All a Bir-r-r-d is a 1950 Warner Bros. Looney Tunes cartoon directed by Friz Freleng. It was written by Tedd Pierce and directed by Isadore "Friz" Freleng. The short was released on June 24, 1950, and stars Sylvester, Tweety and an unnamed bulldog, who would later become known as Hector the Bulldog.

The title is an adaptation of the familiar train conductor's call, "All aboard!" The instrumental theme used to underscore the motion of the train is "On the 5:15".

Plot

In the opening scene, a train, hauled by an American 4-4-4 tender engine, pulls into the station in a town called Gower Gulch, where Tweety's owner says goodbye to him and entrusts him to the care of a conductor in the baggage car.

Sylvester then notices Tweety in the cage. Sylvester then opens the small door of his carrier and extends his paw to tap on the door of Tweety's cage. Tweety answers, and as Sylvester tries to grab him, the vigilant conductor swats his paw with a cane. The conductor hangs Tweety's cage on a hook in the ceiling to keep him safe and sound and warns Sylvester to behave.

As soon as the conductor leaves the car, Sylvester proceeds to stack various articles of baggage to reach Tweety's cage. When Sylvester tries to grab Tweety again, Tweety finds the emergency cord, and pulls it, which causes the train to screech to an instant halt and sends poor Sylvester sailing through the air across several passenger cars, until he lands in the engine's furnace with the tender behind it. Sylvester quickly leaps out the firebox and runs back to the baggage car, and as he angrily stalks Tweety, Tweety pulls the cord again, and restarts the train, but sends Sylvester through the air into a garbage can lid that Tweety hides. Sylvester starts chasing Tweety, but is stopped by the conductor, who interrupts the chase and orders Sylvester back into his cage.

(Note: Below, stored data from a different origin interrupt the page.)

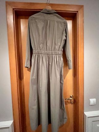 Vestido largo de Zara en color verde oliva. Con un diseño de cuello camisero con botones en la parte delantera y cintura elástica. Efecto paperbag que lo hace muy ligero. - Manga larga. - Cuello camisero. - Cintura fruncida. - Bolsillos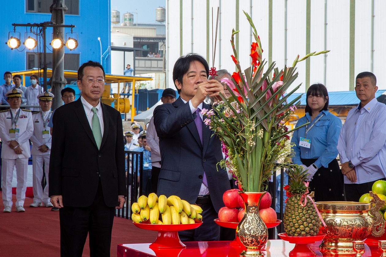 台軍“防空型”輕護首艦安放龍骨,賴清德帶頭“燒香祈福”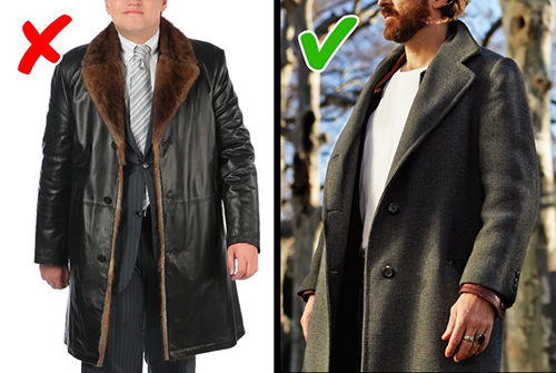 Dù chiếc áo khoác da lót lông có đắt tiền thế nào, bạn cũng đừng mặc chúng ra đường nữa. Phong cách này khiến bạn trông già thêm vài tuổi và có vẻ tăng thêm nhiều cân. Quý ông lịch lãm chỉ cần một chiếc áo khoác dạ mùa đông cổ điển là đủ.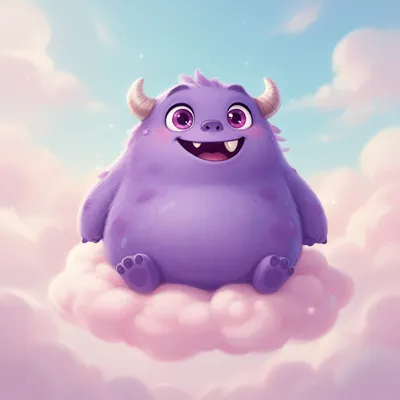 MonstersPlayful cartoon monster avatar with chubby purple design, sparkling eyes, tiny horns, and whimsical pastel cloud background for fun digital profiles.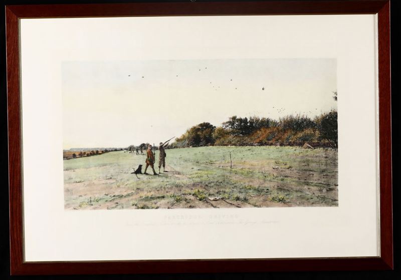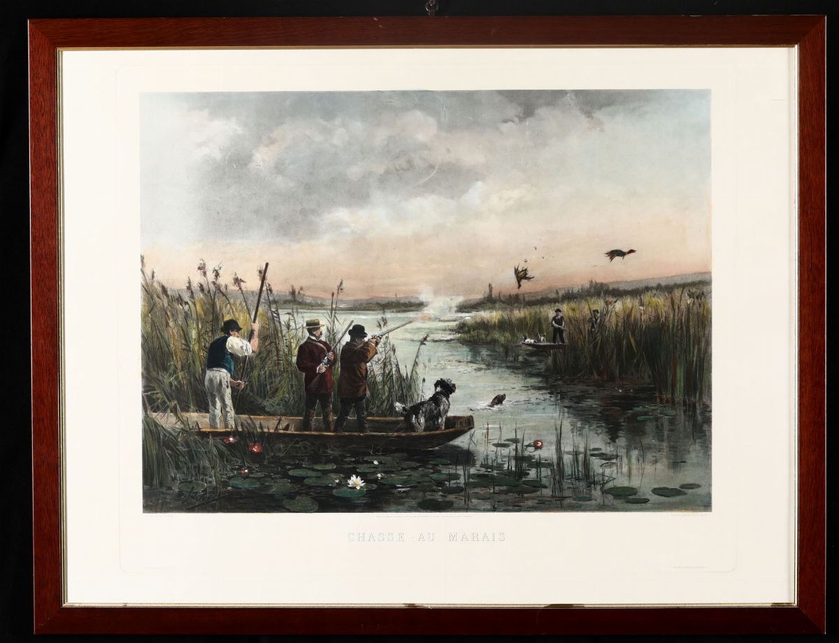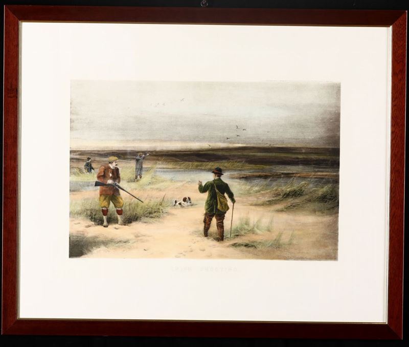 4 stampe di formati diversi raffiguranti scene di caccia

In the next scene, Sylvester is in his cage next to a bulldog, who starts growling at him. Annoyed, Sylvester shouts "Aaaaaaah, shaddap!" and whacks the bulldog with an umbrella, but is still with Hector growling at him, and yells "Aaaaaaah, shut your big yap, or I'll let you have another". At that moment, the train is approaching an incline and as it ascends, Sylvester slides into the bulldog, who punches him and sends him into the wall. When Sylvester slides back down, the train continues to climb, and sends the bulldog punching the poor cat again. In one occasion, Sylvester mutters "Mother,". As Sylvester starts sliding down yet again, the train starts moving down the incline, sending Sylvester sliding back to the wall and making him think he is safe, until he sees the bulldog sliding down toward him with fist extended to punch him again, which allows Tweety to say, "Poor puddytat!"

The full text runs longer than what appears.